Speech interaction was still a very strange way of interaction for some users, which hadn’t caused much impact on their lives. It can reflect that speech interaction is highly substitutable and the usage of speech interaction lacks rigid demand. Only by greatly improving the experience of the original interaction, can users try to use speech interaction, which is the first step of speech interaction into people’s life.

Type 2: Heard of speech interaction but never use it.

Of the 224 respondents of Type 2, 143 would try to use the speech interaction in the future, and 176 chose that they never use speech interaction. A logistic model was also fitted to the data to test the research hypothesis regarding the relationship between the reason they didn’t use speech interaction and whether they would try to use it in the future. However, none of the reasons we provided determined to be significant relevant to whether people would use speech interaction. Only the result of descriptive statistics was focused on.
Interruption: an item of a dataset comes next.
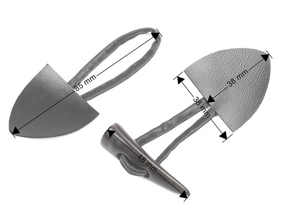 Velikost knoflíku: 4,8 cm délka roztaženého poutka: 13 cm. U tohoto typu zapínání se jedná o polotovar. Před aplikaci na oděv je nutno poutko přišít. Výhodou je že si na poutku můžete nastavit velikost, kterou potřebujete.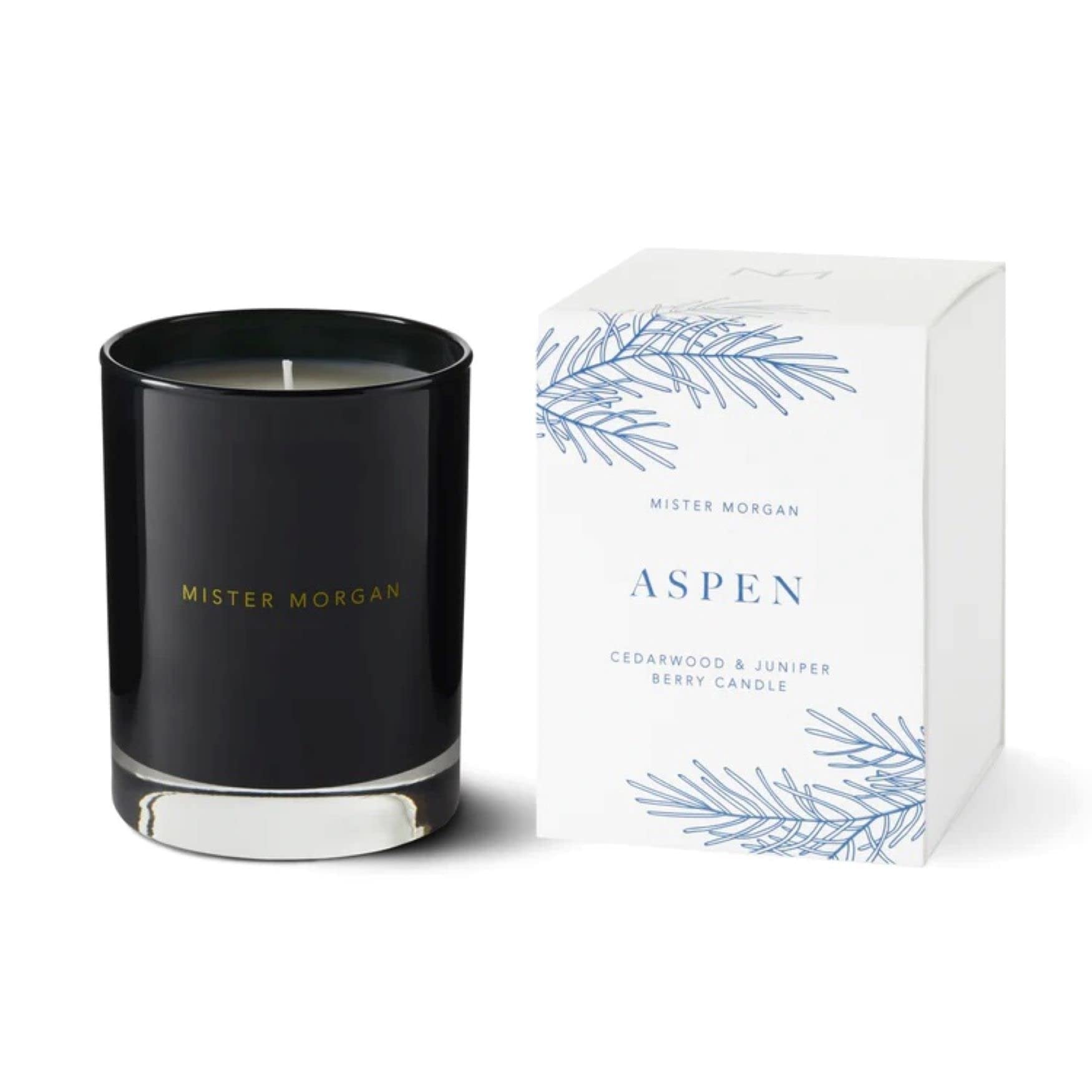 Mister Morgan's Aspen candle evokes the tranquility and adventure of this lush mountain town. Woodland leaves and sun-kissed bluebells blend with earthy cedarwood and aromatic pine to mimic the scent of a fresh summer breeze floating over running creeks and shaded trails of Aspen.

Figure 4 showed that the main reason for the most users who don’t use speech interaction was that they were used to existing operation modes. It was found that many mobile users have been very skilled in touch-screen interaction by user interviews. Hence, using speech interaction may be a fresh attempt for them. If the usage of speech interaction requires a relatively high cost of learning, users will not use speech interaction. For those who are not very skilled in touch-screen interaction, such as older mobile users or younger mobile users, voice interaction may be more promising. For older mobile users, the decline in various physical functions such as vision leads to the possibility that they may be more likely to rely on speech interaction. As for the younger mobile users, they may have begun to use speech interaction on mobile when they have the first mobile phone. For them, speech interaction is just one of the interaction methods mobile has. In this case, the learning cost and operation cost of the speech interaction are not higher than the touch-screen interaction, and the performance of the speech interaction is even better in some functions. Speech interaction is an interaction form for the future, and the next generation of mobile phone users may greatly contribute to the acceptance of speech interaction.

Fig. 4.
figure 4

Importance distribution of provided reasons for type 2 users

Type 3: Gave up using speech interaction after tryout.
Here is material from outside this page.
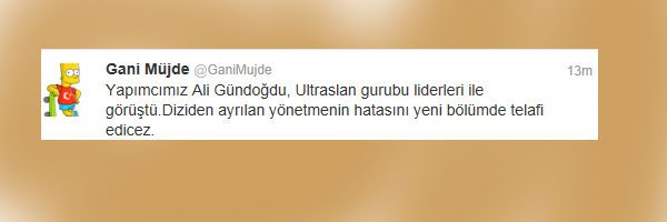 Twitter'da Galatasaray taraftarlarının senarist Ganü Müjde'ye, 'Şeref yoksunu Gani Müjde Galatasaray'dan özür dile' etiketiyle başlattığı kampanya üzerine Müjde "Bana dün geceden beri küfür edenlere bir şey ifade eder mi bilemiyorum ama sahneyi kafasına göre çeken yönetmen (Ersoy Güler) görevinden ayrıldı" dedi.

Of the 113 respondents of Type 3, an ordinary logistic model was fitted to the data to test the research hypothesis regarding the relationship between the pain points of usage and the overall satisfaction. The logistic regression analysis was carried out by the Logistic procedure in SPSS. 17 alternative answers were provided to the participants. Descriptive statistics were used to analyze the users’ selections of those answers (Fig. 5). From the results of frequency statistics alone, there were two reasons why users are most likely to give up the use of speech interaction on a mobile phone. The first reason was that when users used speech interaction in non-private places, they might be worried about affecting others or arousing others’ attention. The psychological pressure brought by this situation might lead to a higher expectation of speech interaction. The second reason was that users who had been accustomed to manual operation felt no need to use speech interaction. It is mainly for mobile phone poisoning users who were also the most likely to give up after trial speech interaction. They might have an open mind to try out new functions in the process of mobile development. However, the requirements for new interaction modalities would be relatively high. If there was no obvious improvement in user experience in some aspects, it is difficult for them to give up the skilled interaction form to migrate.

Fig. 5.
figure 5

Importance distribution of provided reasons for type 3 users

The analysis results showed that a part of the answers was not common, which meant that not all of the reasons for the majority users is significant. Consequently, only the reasons that had more than 20% users choose were interpreted as the explanatory variables in logistic regression which was mainly to explore whether there was a clear correlation between the various reasons and the user’s usage of satisfaction. Users look for a explanation of their behavior, associating either internal attributes or external attributes. Internal attribution refers to the fact that users do not use speech interaction for some reason, but they think these reasons are personal ability defects or habits rather than the defect of speech interaction. External attribution refers to that users will ascribe their pain points in the use process to the shortcomings of speech interaction itself, which will directly affect users’ satisfaction with speech interaction. The estimate in Table 4 was the reflection of internal and external attribution, which means that positive values represent external attributions and negative values represent internal attributions.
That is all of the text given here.